Ray Ivany, right, holds a copy of the Now or Never: An Urgent Call for Action for Nova Scotians report just prior to giving a talk in Wolfville. Beside him is Rev. Roger Prentice, president of the Wolfville and Area Inter-church Council, who introduced Ivany.
Ray Ivany, the head of the five-member panel that called for urgent action to improve Nova Scotia's economy, doesn’t think the report is going to sit and gather dust.
The Acadia University president told an audience of 90 at a Wolfville and Area Inter-church Council meeting on May 21 that from the first day back in February, people have engaged, and he's pleased with the reaction to their findings.
He told a story about being hailed on Barrington Street in Halifax by a car driver who called out, “‘thanks for telling the truth.’ That was a high point.”
Ivany reaffirmed his abiding belief that we can get through this, and equally that “we can’t avert our gaze. We can’t hope it will go away.
“I fervently believe we can turn it around,” Ivany said about the projections in the report. Otherwise, he said, “we are looking at a lesser Nova Scotia in every possible way.”
Ivany said the report has prompted wide discussions about the challenges facing the province.
Despite advice that Nova Scotia is doomed to endure an extended period of decline unless population trends are reversed and suspicious attitudes about business are changed, he said, an authentic dialogue has begun.
Ivany said demography alone is a massive issue for communities that are standing on the edge of a cliff. Increasing the size of Nova Scotia's population can be achieved by attracting more immigrants to the province and encouraging Nova Scotians living elsewhere to return home; however, Ivany says it will take time to get that done.
One of the first challenges he spoke of is making immigrants feel part of the community.
“That was a very consistent message,” Ivany said.
“We need more economic activity in every way.”

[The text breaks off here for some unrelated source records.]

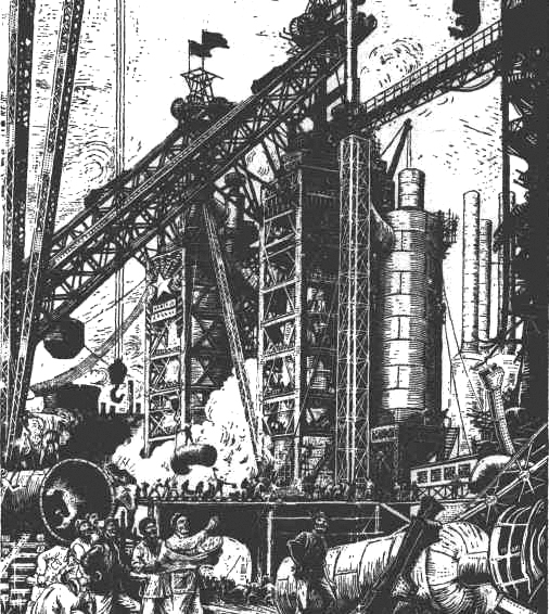 鞍山炼铁炉之修复 古元 作 发表于《人民文学》1949年第1期
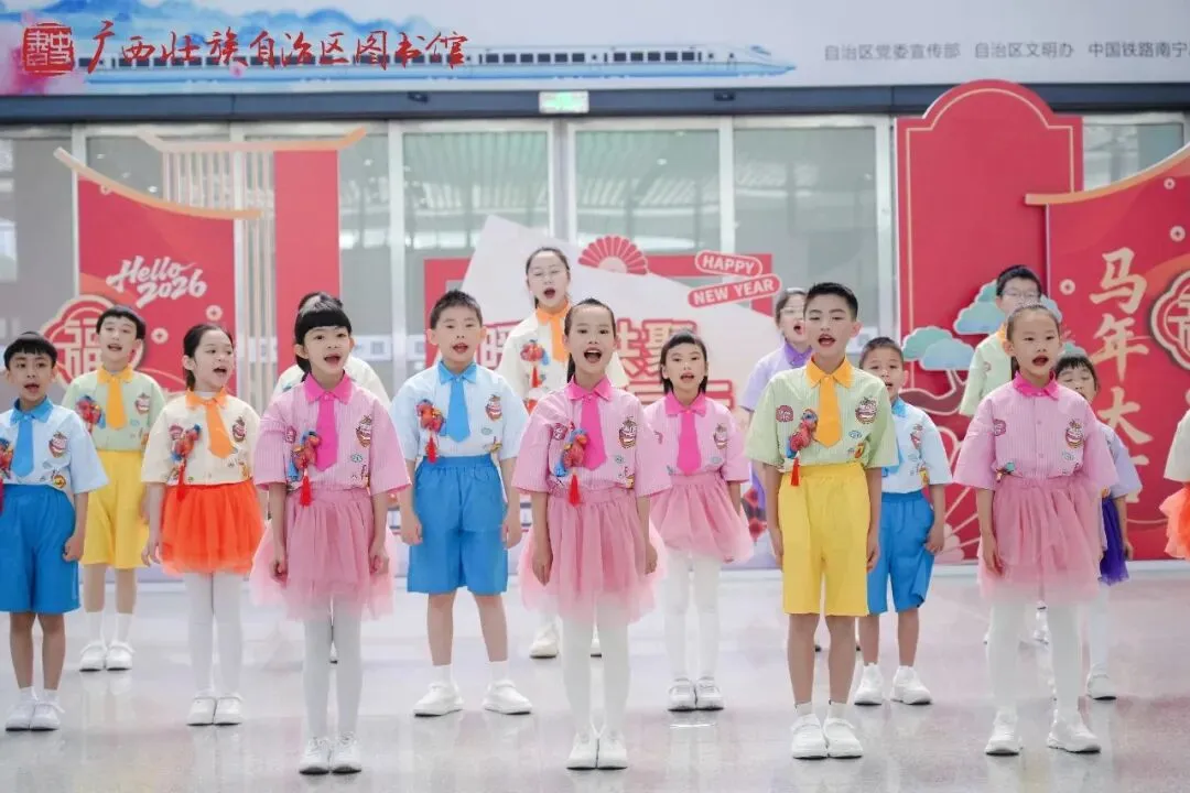 当匆匆赶路的脚步遇见清澈童声,当喧嚣车站邂逅治愈旋律,一场惊喜满满的音乐快闪在南宁东站温情上演!咱们春天童声团的小天使们,受邀参与自治区图书馆主办的快闪活动,用干净纯粹的童声,为往来旅客送上了一份独属于春日的温柔惊喜。
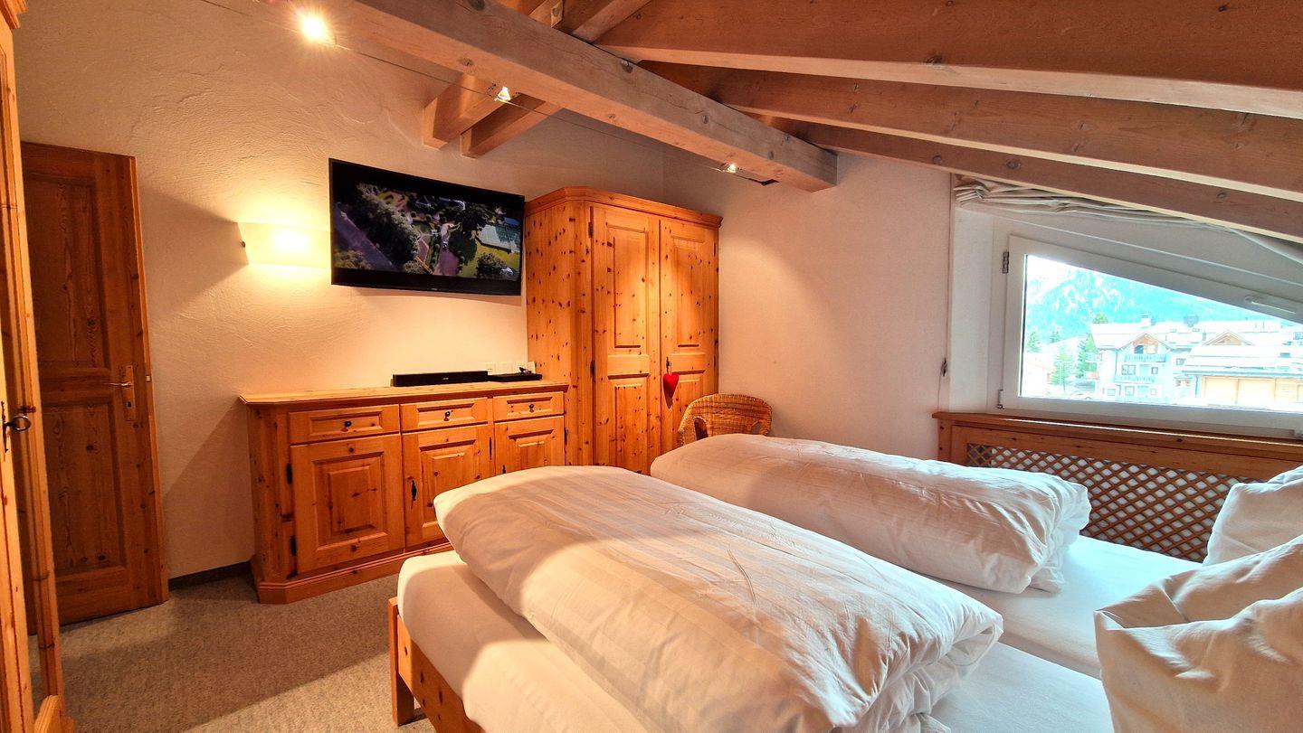5 1/2-Zimmer-Dachwohnung im Haus Leivra, 4. Stock, 150 m2. Die helle und gemütliche Wohnung ist zweistöckig angelegt. Im unteren Stock befindet sich die Küche mit Geschirrspüler, der Essbereich mit Balkon sowie ein Badezimmer mit Dusche; im oberen Stock sind die drei Schlafzimmer, das Wohnzimmer mit Fernseher und ein Badezimmer mit Badewanne. Der nach Süden ausgerichtete Balkon offenbart eine prächtigen Blick auf das Corvatschgebiet und den Silvaplanersee. Nichtraucherwohnung.

To carry that out, he said, attitudes and culture will have to change. Community will be fundamental to keeping young Nova Scotians - and their retired parents - at home, he added.
“Otherwise, the fabric of the community is going to change. The churches can play a huge role. This is not all about business, but about preserving our humanity. And one test is how we treat those that need a hand up,” he said.
Helping others tends to fall on the same few people, he said. He said that ‘community’ is not necessarily roads and infrastructure, “it’s the people and the sense of community that we create. I think we start in a position of huge strength.”
Specifically, Ivany called for “us to be more Nova Scotian. Instead of being fractured, we need to be as resourceful as our parents’ generation.”
He believes that in order to make the transition to a new economy, citizens of this province have to be willing to make a commitment and to look out for each other.
“For all of us, almost a million people, the journey starts with a single step. All 940,000 of us have to start tomorrow,” Ivany said.
“This is going to have to become a movement.”